Unnamed: 0,Physics,Chemistry
32473,30,71
32473,55,52
32473,71,80
32473,21,28
32477,57,42


In [26]:
prathamesh_right

Unnamed: 0,Biology,Mathematics
32473,42,79
32474,75,42
32474,50,79
32474,23,72
32475,25,52


In [27]:
prathamesh_left.join(prathamesh_right)

Unnamed: 0,Physics,Chemistry,Biology,Mathematics
32473,30,71,42.0,79.0
32473,55,52,42.0,79.0
32473,71,80,42.0,79.0
32473,21,28,42.0,79.0
32477,57,42,,


In [28]:
prathamesh_right.join(prathamesh_left)

Unnamed: 0,Biology,Mathematics,Physics,Chemistry
32473,42,79,30.0,71.0
32473,42,79,55.0,52.0
32473,42,79,71.0,80.0
32473,42,79,21.0,28.0
32474,75,42,,
32474,50,79,,
32474,23,72,,
32475,25,52,,


In [29]:
prathamesh_left.join(prathamesh_right,how='outer')
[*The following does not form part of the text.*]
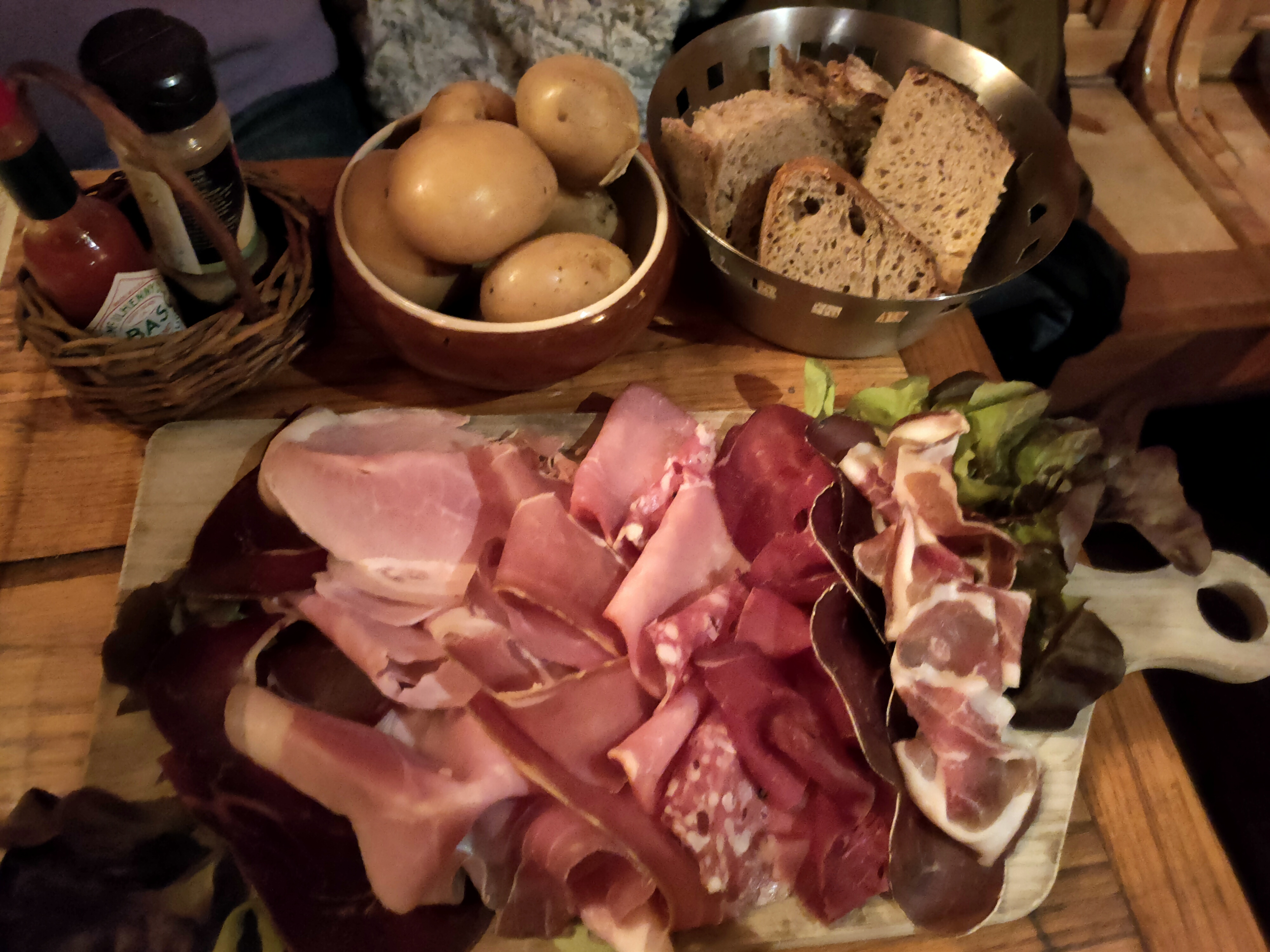 Le caveau....1550.... comment dire .... ambiance et cadre typique de la Savoie....de la brochette suspendu à la raclette en passant par la fondue....tout est réuni pour passer une excellente soirée.... serveuse au top....le boss quand il peut il fait si il est full ne lui en voulait pas et penser à réserver.... côté carte bleue yen a pour toutes les bourses.... après mon péché Mignon filet de boeuf façon rossigni...et la brochette.... après il y en a pour tous les goûts même nos amis végétarien il y a un choix pour vous et même le kids.... Pour le dessert mon préféré un classique la dame blanche Carte des vins pour toutes les bourses....donc franchement allez y.... J'ai pas mis 5 en cuisine car la perfection n'existe pas.... Mais vous êtes au top alors au caveau c'est bon c'est beau c'est chaud.......

Unnamed: 0,Physics,Chemistry,Biology,Mathematics
32473,30.0,71.0,42.0,79.0
32473,55.0,52.0,42.0,79.0
32473,71.0,80.0,42.0,79.0
32473,21.0,28.0,42.0,79.0
32474,,,75.0,42.0
32474,,,50.0,79.0
32474,,,23.0,72.0
32475,,,25.0,52.0
32477,57.0,42.0,,


## Conclusion:
I have learned how to use pandas to merge, join, and concatenate data.